O estudo foi criticado por sua metodologia, incluindo a falta de randomização e controle adequado, o que compromete a validade dos resultados. A alocação aleatória dos participantes, impossibilitou eliminar vieses relacionados ao perfil clínico dos poucos pacientes sendo que a principal métrica de sucesso utilizada foi a redução da carga viral, e não outros desfechos clínicos como mortalidade ou necessidade de ventilação mecânica.

Não houve controle placebo, comprometendo a validade dos resultados e pacientes graves foram excluídos, limitando a aplicação dos resultados a casos leves. Não apenas isso como, apesar do primeiro artigo ter sido prontamente rechaçado pela comunidade acadêmica, Raoult e sua equipe ainda publicaram outro artigo Outcomes after early treatment with hydroxychloroquine and azithromycin: An analysis of a database of 30,423 COVID-19 patients na publicação New Microbes and New Infections, da mesma Elsevier.
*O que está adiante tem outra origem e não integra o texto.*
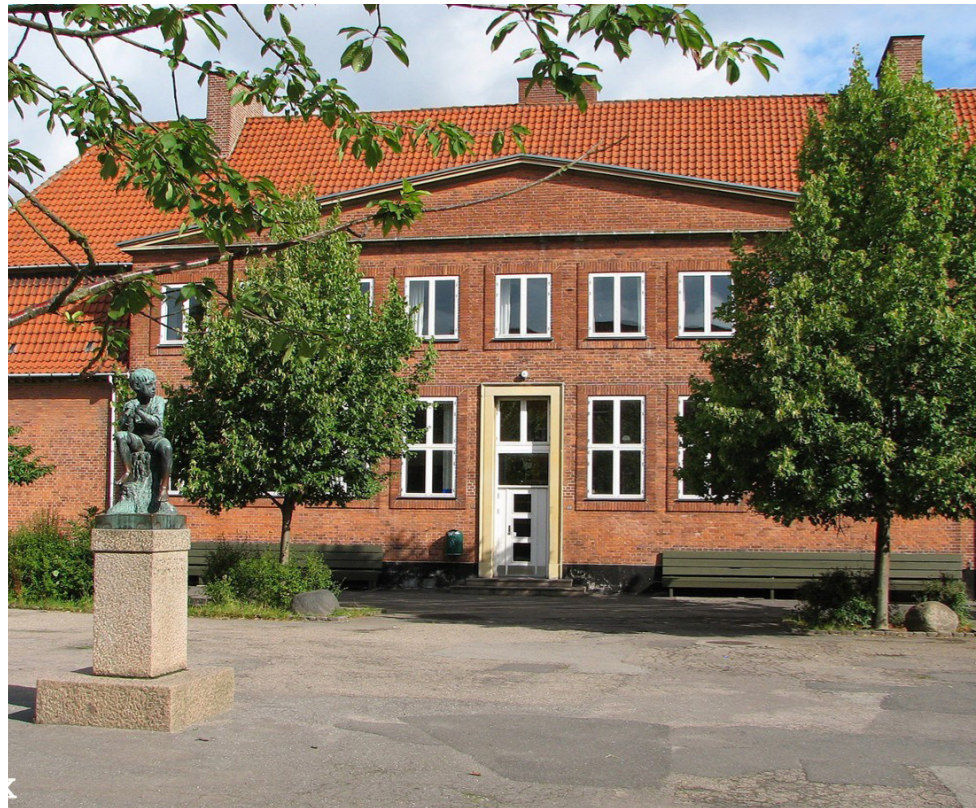
Af Luna, 9B

I Rødovre kommune går man en ny virkelighed i møde: Fjernundervisning bliver nu en realitet igen, vikarer skal spares væk, og der må ikke komme nye lærere overhovedet. Man skulle næsten tro, de var blevet ramt af en Covid-agtig krise igen, men nej – det er kommunale besparelser, som er på spil. Vi drejer fokuset væk fra Brønshøj et øjeblik og stiller skarpt på vores nabokommune, og hvordan de håndterer denne nye situation.

Estudos subsequentes mais robustos, incluindo ensaios clínicos randomizados, não encontraram eficácia significativa da hidroxicloroquina no tratamento da COVID-19 e indicaram potenciais riscos, como arritmias cardíacas. O artigo de Raoult teve grande repercussão e foi usado como base para que líderes políticos de extrema-direita, como Donald Trump e Jair Bolsonaro, apoiassem o uso da hidroxicloroquina como política pública, uma vez que o uso dessas drogas seria uma alternativa às medidas de restrição de circulação de pessoas e consequente diminuição da atividade econômica.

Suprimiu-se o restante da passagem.